SEALY GOES OUT WITH A BANG (inside of the grey gal)

Horse of the Year in Canada 2007 comes oh-so close

It was one her finest moments. SEALY HILL, quirky and funny and talented, saved one her best races for last as she charged between horses very fast and was just edged by the also-flying FOREVER TOGETHER in the Breeders' Cup Filly & Mare Turf.

It was also a fine moment for jockey Patrick Husbands, who trusted his filly and paved a beautiful trip for the Point Given, Eugene Melnyk homebred.

Only a slight steadying incident on the turn turn of the 10 furlong turf race was trouble for Sealy Hill.

She was simply second best but it was a super run. She was 48 to 1.

The other Canadians were not so hot on the hot day - Filly Friday.

C Karma was 8th, ran flat.

Van Lear Rose was too close to a hot pace and stayed on okay to be 6th under heavy pressure.

Bear Now led the Distaff field for a while through 48 second half mile but she stopped.

(Photos from Cindy Pierson Dulay and Terence Dulay - top right, ZENYATTA 9 for 9; right - VENTURA, came from Woodbine Mile)

All the talk about the fast Pro Ride surface was true but the talk about the speed bias was not.

Many horses rallied wide to win, in fact it almost looked as if there was a closers bias!

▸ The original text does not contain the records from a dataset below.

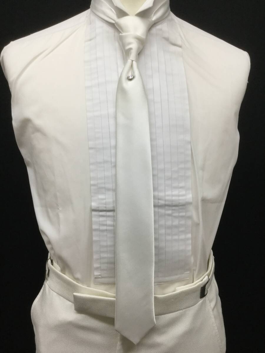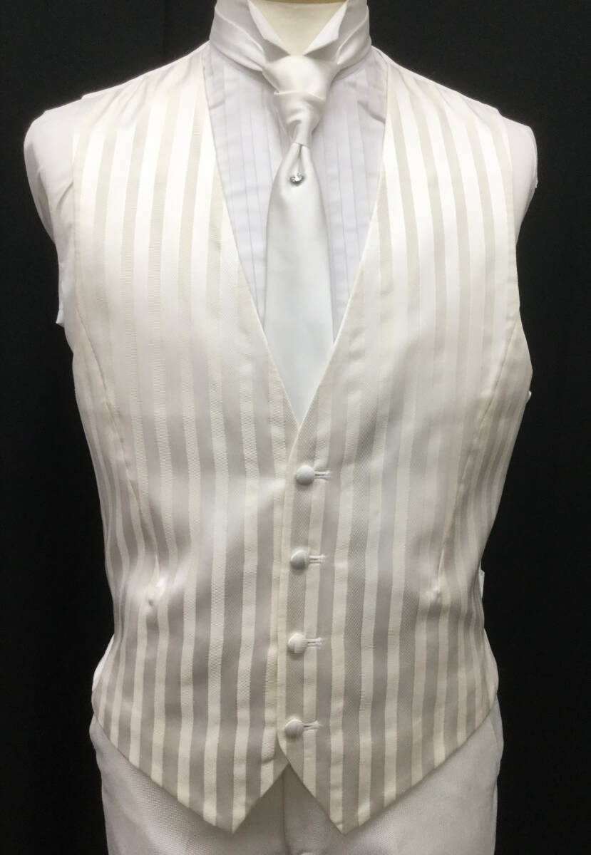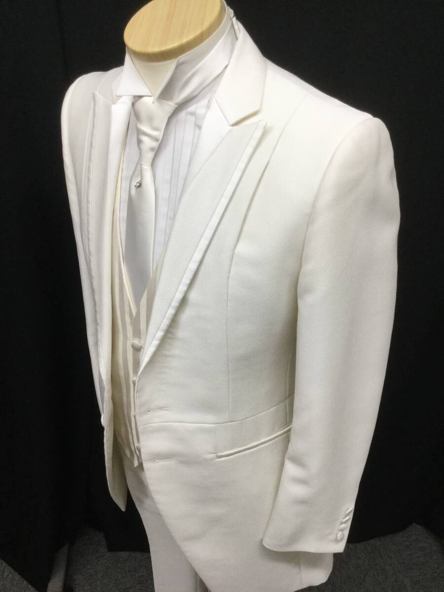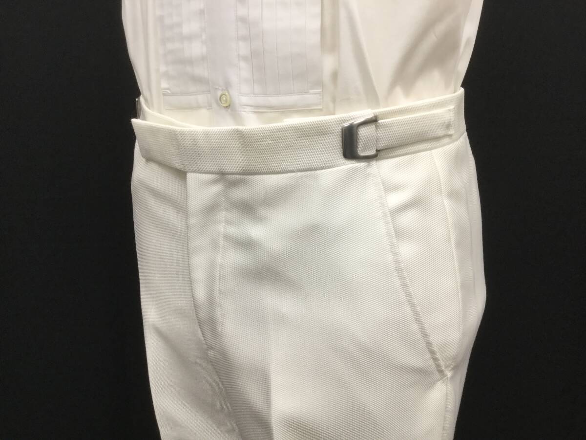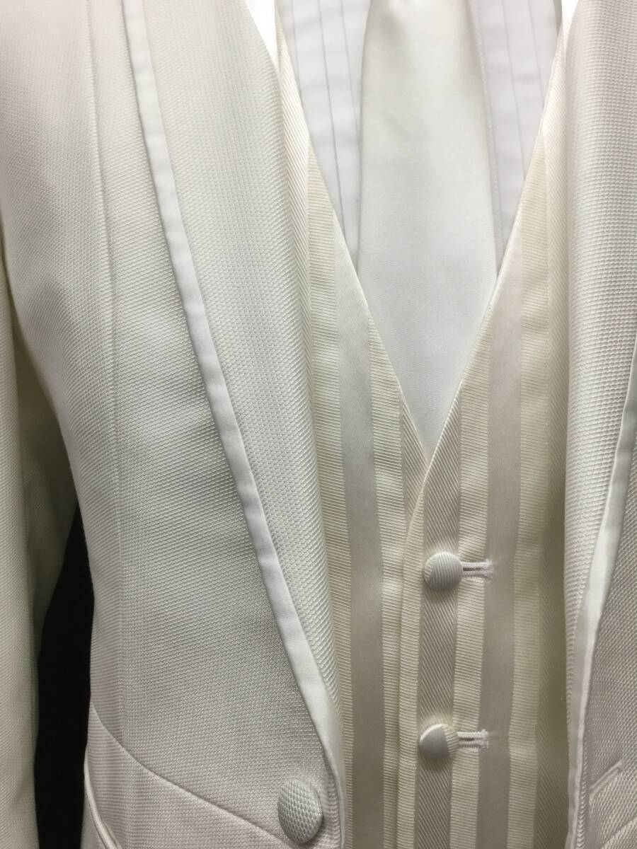 AB-Mサイズ★純白に近いオフ白タキシード★ベストはストライプ柄、タイはサテンのクリスタルピン付 貸衣裳店で使用・手入れされていたタキシード 専門店の商品ですので、状態は良いほうです タグブランドは「Prima Qualita」 純白に近いオフ白、極細かな網目状の織生地 剣衿、内衿とパイピングは白のサテン生地 素材はポリ70%ウール30% 左胸のポケットは剥ぎにそって縦にカットされている 上のボタン下に横に剥ぎが入ったデザイン 左右のポケットは飾りで口にパイピング ボタンは包みで前2ヶ、袖口に4ヶづづ 前裾は少しカットされて広がる感じ ベストは少しオフかアイボリーに見える太めのストライプ シルク50%素材で包みボタン パンツはすっきりとしたノータック ウエストにアジャスターが付いてサイズ調節可 タイは内衿と同じサテン生地、中央にクリスタルのピンが付いて、ワンタッチの着脱式 【注意】写真のYシャツはセットではありません 写真は同型の別タキシードのものを利用、色デザインとも同じです モニター等により色合いが現品と多少違って見えます 【寸法】AB-Mサイズ 173096 実寸法と計測方法は以下の通りです 着用される方のスーツ等で寸法を確認してください 上着丈81cm位 袖丈60.5cm位 肩裄44.5cm位 ウエスト79~93cm位 股下76.5cm位 【計測方法】 肩巾・・・左右の袖と肩山の縫い付け部を背中側直線で計測 袖丈・・・袖と肩山の縫いつけから袖口までを真下で計測 上着丈・・・衿と背中心縫い付け部から裾までを計測 ウエスト・・・パンツの内側の周囲を計測 股下・・・・股の付け根から裾までを真下で計測 ※ヌード寸法ではありません現品を当方で実測しています ※多少の誤差はあると思います 【状態について】 たたんだ状態での入荷保管の為、多少たたみシワがあります その他、特に目立ったシミ汚れ等はありません 十分ご利用いただける商品です ただ、あくまでも貸衣裳店で使用していた中古品です こちらで見落とした小さなシミ汚れがあるかもしれません ご了承の上でご入札下さい | |||
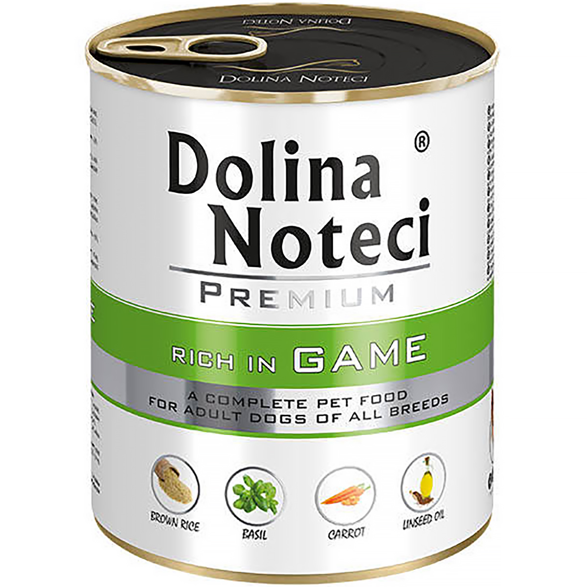 Karma mokra Dolina Noteci Premium oparta jest na mięsie wołowym, wieprzowym oraz dziczyźnie, z wysokowartościowymi dodatkami tj. olej lniany, ryż brązowy naturalny, jaja, marchewka oraz nasiona babki płesznik. Prezentowana karma mokra dla psów dorosłych jest bezglutenowa i bezzbożowa, dzięki czemu doskonała dla psów z alergiami oraz z wrażliwymi żołądkami. Dziczyzna to źródło wielu składników odżywczych tj. witamin z grupy B, żelaza oraz kwasów tłuszczowych omega-3.
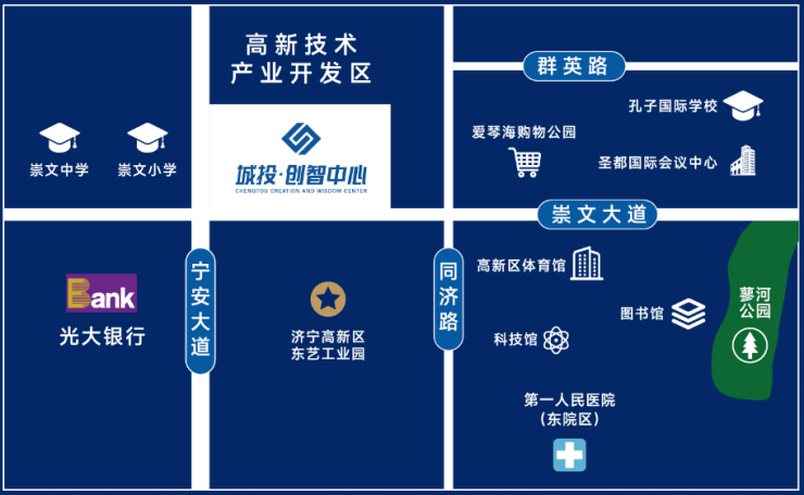 城投·创智中心紧邻崇文大道与宁安大道两条城市主轴,坐拥“政务、商业、医疗、生态、文化”等全能优质配套,全方位满足城市精英的商务需求。
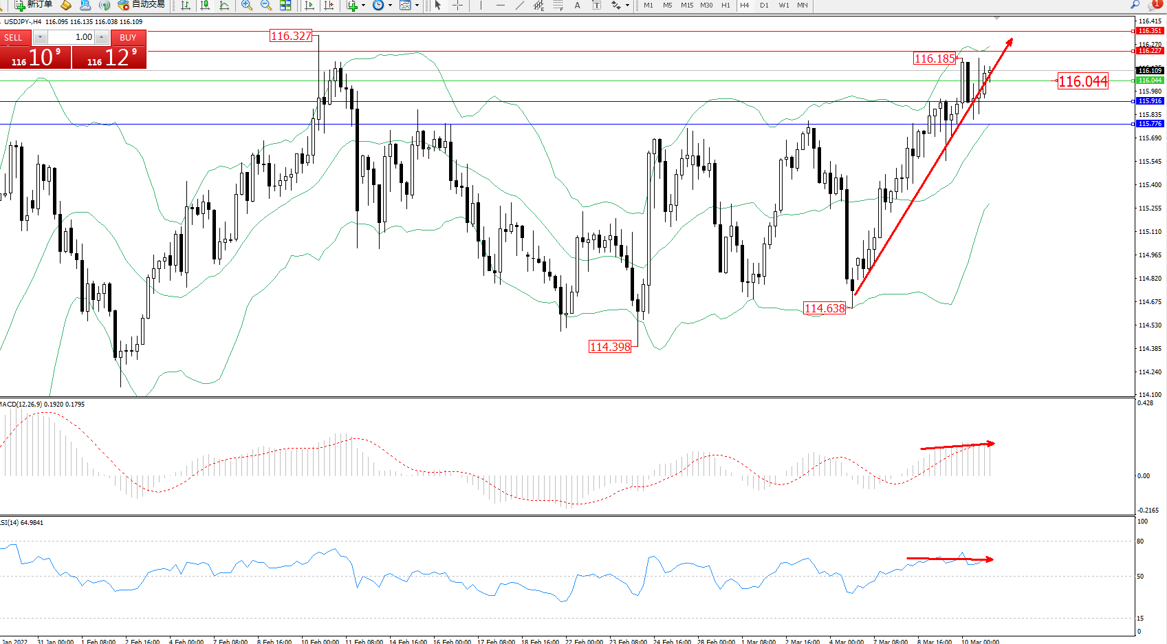 技术点评:多头动力延续布林带指标通道中上轨区间持续震荡上扬,高位抵达116.185位置节点后开始短期震荡,多头动力向上拉升态势良好,短期或有进一步上扬态势,布林带指标呈收口不断向上拉升中,MACD指标处于多头区域维持整理徘徊上移,RSI指标处于50均衡线上側弱势整理平移中;
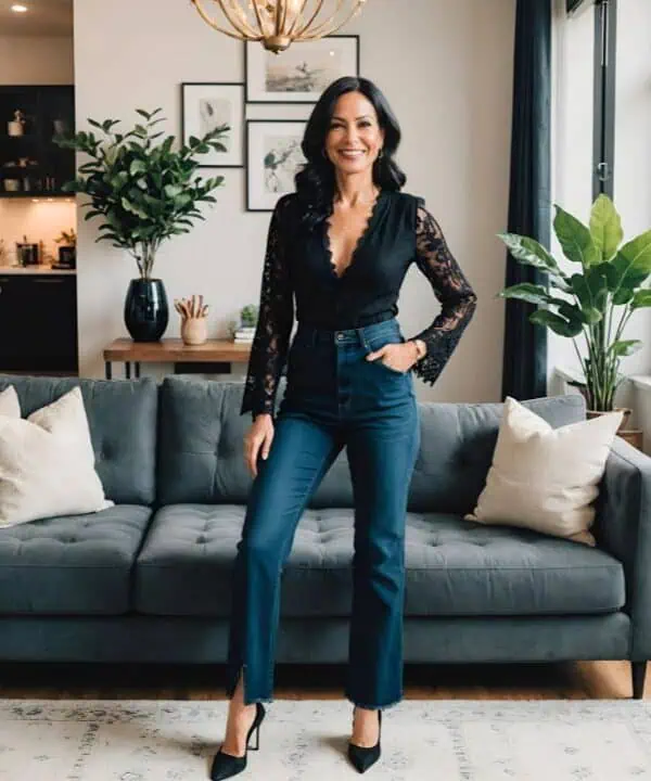 Quality jeans are essential for every woman’s winter wardrobe, especially when they’re styled to perfection. A straight-leg design offers timeless appeal, creating a streamlined look that suits many body types. Pairing them with a simple white tee strikes the right balance between casual and polished, while a long, shapeless cardigan offers comfort and a cozy layer against the chill. Neutral low block heels add a touch of sophistication without sacrificing comfort, making them perfect for daily wear. Accessories like hoop earrings and oversized sunglasses enhance this look, bringing a touch of glam that’s ideal for coffee dates or casual weekend outings.
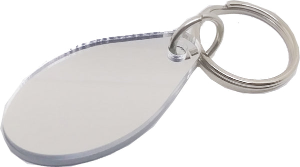 This Pear/Tear Drop Shaped Domed Key Chain is made of an acrylic plastic material with a metal key ring. The domed acrylic piece with Greek Letters is attached on top of a pear/tear drop shaped acrylic mirror base. The acrylic piece is 2.25 inches in length.
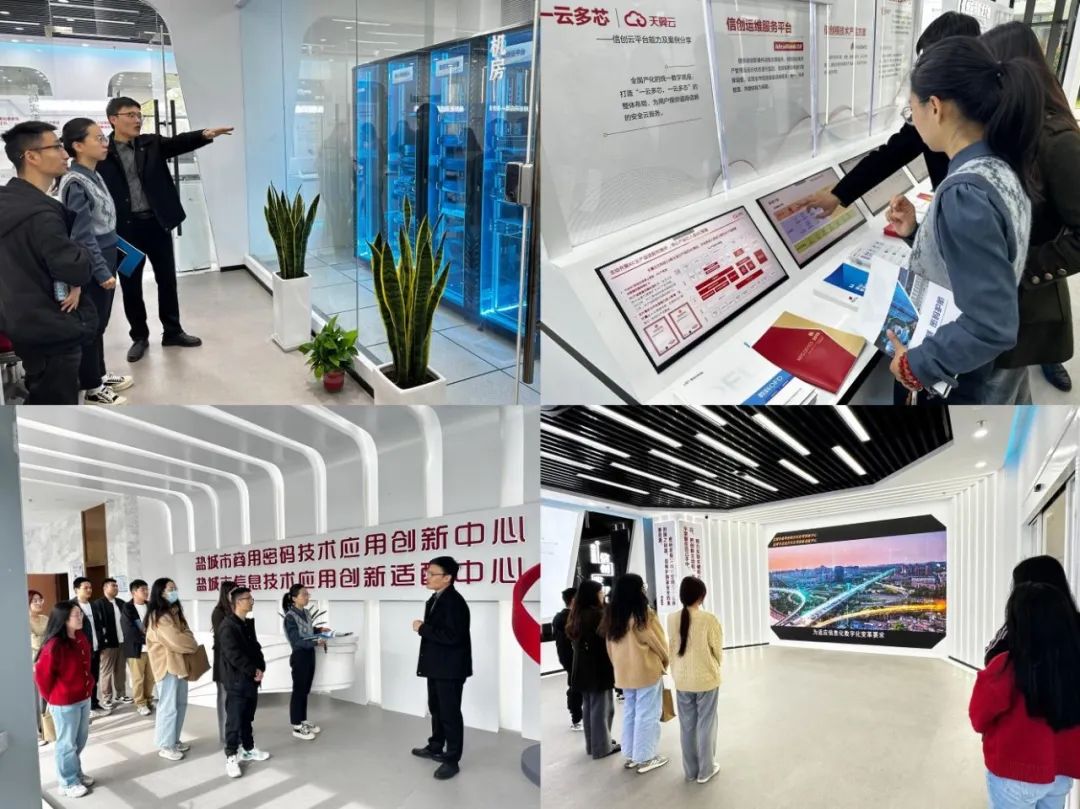 活動現場,大家參觀了鹽城市信息創新與密碼應用技術保障基地展廳并觀看了信創基地的宣傳片。深入學習信息安全和密碼技術應用方面的成就、網絡與安全領域的創新實力和技術優勢,對維護國家安全有了更直觀、深刻、清晰的認識。
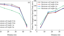 As shown in Fig. 1, the experimental system consists of a stainless steel flame acceleration pipeline, a gas distribution system, a detonation chamber, a high-speed camera, and a data acquisition system. The flame acceleration tube is a cylindrical tube of Φ = 120 mm and L = 5.5 m, and an observation window of 40 cm \(\times\) 7 cm is laid at 130 cm from the ignition end of the tube. The ignition end of the pipeline is closed, and the open end is closed with 2 layers of polyethylene (PE) film with a thickness of 0.02 mm.
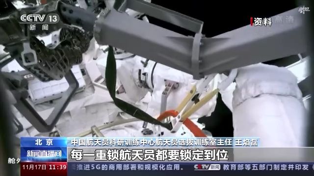 中國航天員科研訓練中心航天員選拔訓練室主任 王焰磊:我們在兩個艙間連接裝置這個作業(yè)點,本身設計了機械臂上航天員的不同的作業(yè)位置,它的復雜度以及操作的精細度是要更高的。舉一個例子,我們艙間連接裝置的其中一個固定點就有三重鎖,每一重鎖航天員都要鎖定到位,而且它是有相互關聯(lián)關系的,就要航天員的操作精細度要更高一些,而且是要保證我們連接裝置兩端連接緊固,保證以后我們在航天員艙外自主轉移的過程中路徑是一個可靠的路徑。(央視新聞客戶端)
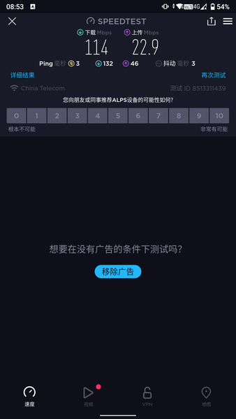 The WiFi part of the Dimensity 900 is a new generation of WiFi6. The actual connection rate of the Redmi AX6 router is 1201Mbps, the downlink rate of the 200M telecom broadband speed measurement is 114Mbps, and the uplink rate is 22.9Mbps.
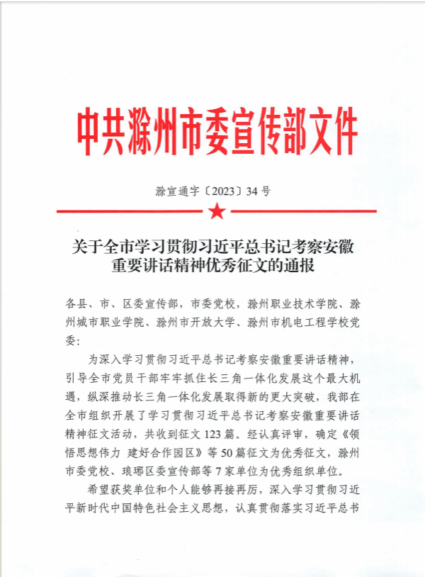 近日,滁州市委宣传部公布了“关于全市学习贯彻习近平总书记考察安徽重要讲话精神优秀征文的通报”。必赢官网荣获二等奖2项、三等奖2项,学校获得“优秀组织奖”。
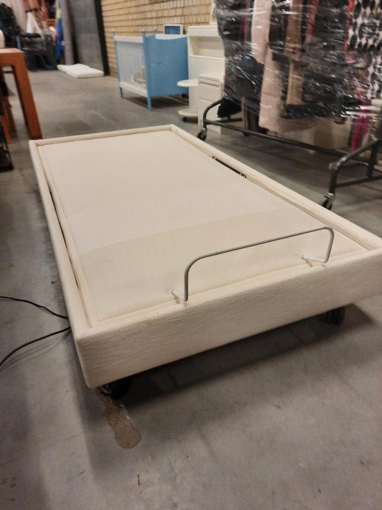 Elektrisch verstelbare lattenbodem 80×190 cm. Hoogte 10 cm incl. Latten. Zijpanelen zijn 7 cm hoog.
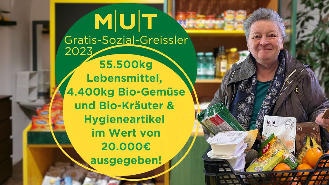 Insgesamt konnten wir in unserem Gratis-Sozial-Greissler im letzten Jahr 55.500kg Lebensmittel im Wert von 263.000€ und Hygiene- und Babyartikel mit einem Warenwert von 20.000€ an Menschen in akuten Notsituationen ausgeben.
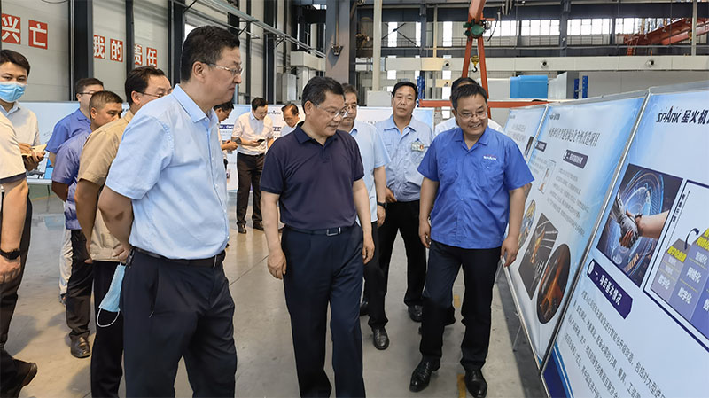 任振鶴省長聽取了星火機床公司黨委書記、董事長蔣保權關于企業上半年生產經營情況、技術創新體系建設、產品研發成果、在攻克“卡脖子”問題中發揮的作用、項目建設情況匯報,并實地查看數控機床裝配現場、重型機床裝配現場。
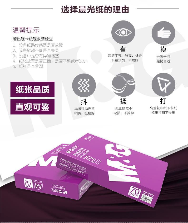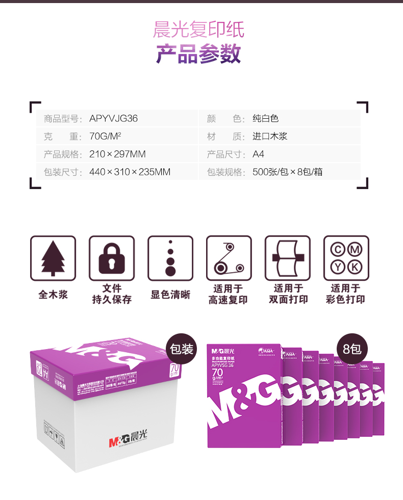 - 商品名称:晨光(M&G)紫晨光A4复印纸70g 500张/包 8包/箱(共4000张)APYVJG36
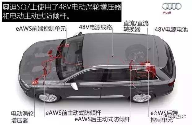 但目前48V电压只在部分电气设备上使用,例如奥迪SQ7在电动涡轮增压器和电动主动式防倾杆上使用了48V电压,而奇瑞瑞虎7则只在启发电一体机上加载了48V电压。
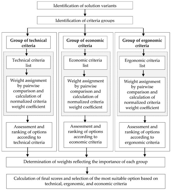 - Partial scores for each variant with respect to each criterion are calculated as the product of the point score and the weight according to the formula . The total score for each variant was computed separately for the three groups of criteria, which allowed obtaining independent partial evaluations. This can be expressed as: Normalization of the scores was performed independently for each group of criteria, according to the relation: .
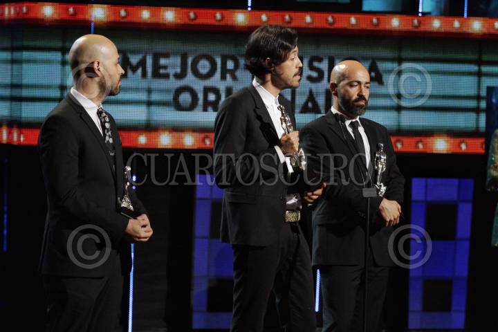 MÉXICO, D.F., 27MAYO2015.- Alfonso Ruizpalacio recibió el Ariel a Mejor Director de manos de Jorge Fons, durante la ceremonia de la 57 Entrega del Ariel a lo más destacado de la cinematografía nacional. FOTO: ISAAC ESQUIVEL /CUARTOSCURO.COM
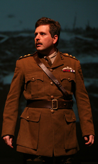 ably provided by Chris Robson. In the second act, Calderwood takes the audience through his early career as a junior officer in the cavalry before joining the Royal Flying Corps. Bishop may have been below average academically and hardly regarded as a particularly stalwart soldier, but as Calderwood vicariously illustrates, he had three qualities that would serve him well as a fighter pilot: he was an excellent marksman, he was interest in all types of aircraft and he appeared to have a total disregard for his own safety. Over the course of a two and a half hour show, Calderwood brings charisma and a degree of pathos to the myriad of characters that even includes Bishop’s benefactor Lady St Helier. Calderwood manages to exercise his dramatic range effectively, but his vocal range suffers somewhat from the occasional distraction of Robson’s piano. When he lowers his voice to close to a whisper he becomes inaudible. This may be an issue with the theatre’s sound system.

  • At 11:25 AM, Blogger L A Keays said…

    On this auspicious weekend of thoroughbred racing, when the best running horses in the world gather to test their speed and stamina amid crowds of racing fans and ordinary horse folk, I would like to implore the powers of horse racing to consider the horses that will not make stakes races or even high level claiming ranks. Because we are a world of people with a singular focus....stakes wins, it is easy to overlook the talents and abilities of horses without such badges of honour. I believe our focus should be on promoting the range and scope of thoroughbreds to the riding population. It was with dismay that I learned that awards for thoroughbreds in other disciplines had been curtailed by our CTHS. It is my belief that encouraging people to re-train and compete with thoroughbreds in promoted and sponsored competition would go a long way in saving these horses from kill pens. Even $1500 for each english discipline, hunter/jumper, dressage and horse trials, where thoroughbreds excel, would go far in encouraging their participation. Surely, between us, we can find the resources to make that a possibility. Retired stakes horses have most likely left their best on the track, but there are thousands of others that deserve the chance to prove they have gifts. Maybe we should be taking a percentage of a stakes win to ensure those stakes horses have a fitting retirement, but as an industry, we have a responsibility to promote our breed for the riding disciplines, stakes horse or not.